User:Razzi/new plan for reimaging an-masters

update the haadmins to use kerberos-run-command

respond: purpose of failover: just to test that both nodes are healthy

gotta add timers to systemctl commands. testing this out now

> sudo systemctl list-units 'camus-*.timer'

ok looks good

need to plan to contact search team to ask to pause

remove part of plan fo stopping oozie coordinators

need to make sense of

This command is a little bit brutal, what we could do is something like: - check `profile::analytics::cluster::hadoop::yarn_capacity_scheduler` and add something like `'yarn.scheduler.capacity.root.default.state' => 'STOPPED'` - send puppet patch and merge it (but at this point we are with puppet disabled, so you either add it manually or you merge it beforehand). - execute `sudo -u yarn kerberos-run-command yarn yarn rmadmin -refreshQueues`

The above will instruct the Yarn RMs to not accept any new job.

! need to learn about transfer.py and incorporate it into plan

Add to plan step to stop hadoop-namenode timers

Add to plan step to check for hdfs / yarn processes before changing uids/gids

need to make sense of

> Reimage an-master1002 > - `sudo -i wmf-auto-reimage-host -p T278423 an-master1002.eqiad.wmnet` > - Will have to confirm that the partitions since we're using reuse-parts-test

At this point I would probably think about checking that all daemons are ok, logs are fine, metrics, etc.. It is ok to do the maintenance in two separate days, to leave some time for any unexpected issue to come up. We could also test a failover from 1001 (still not reimaged) to 1002 and leave it running for a few hours monitoring metrics.
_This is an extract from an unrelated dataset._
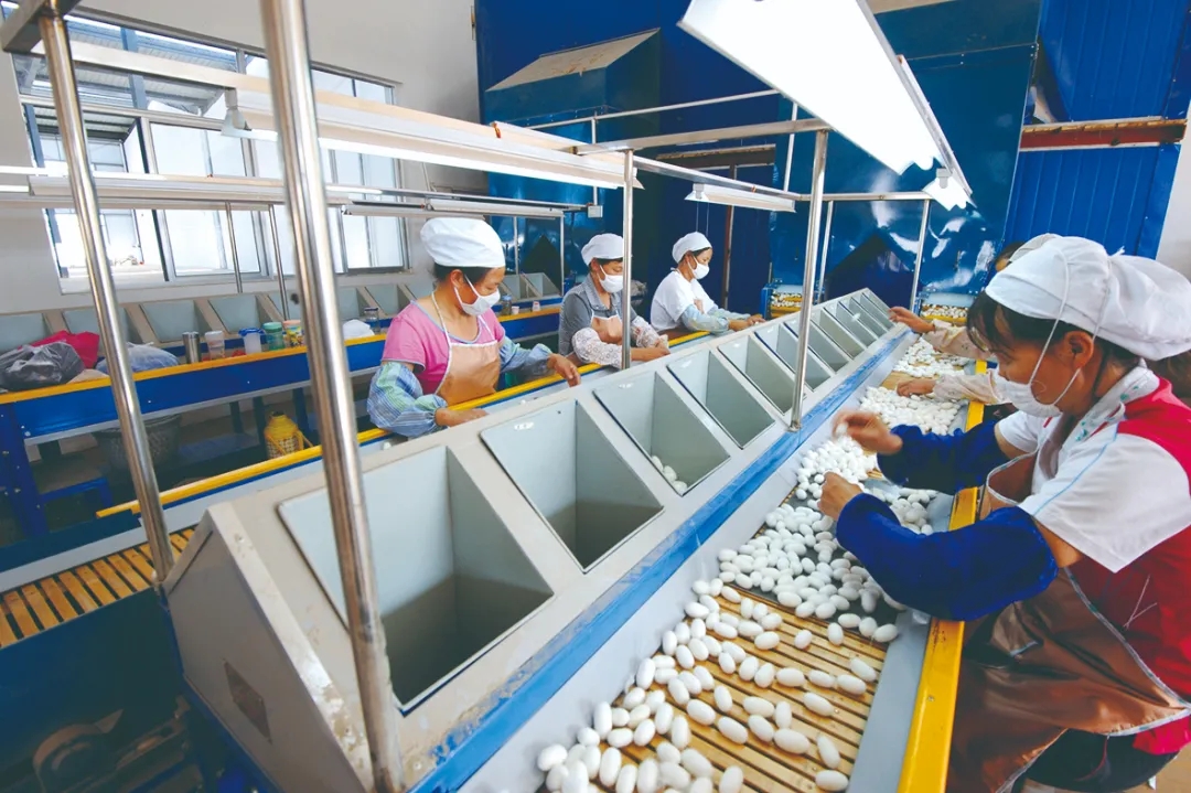 对现有的蚕桑园开展提质增效工程,新建桑叶茶、桑葚酒、桑叶饮料、桑果膏等食品生产线,开发真丝服装、真丝家纺等茧丝绸精深加工产品的生产及销售。

I know that on paper we don't expect any issue from previous tests, but this is production and there may be some corner cases that we were not able to test before.

So to summarize - at this point I'd check the status of the all the services and just re-enable timers/jobs/etc.. Then after a bit I'd failover to 1002 and test for a few hours if everything works as expected (heap pressure, logs, etc..)

Yes, 1001 should be active here

Update plan to restart puppet

Update plan to use stat100x for backup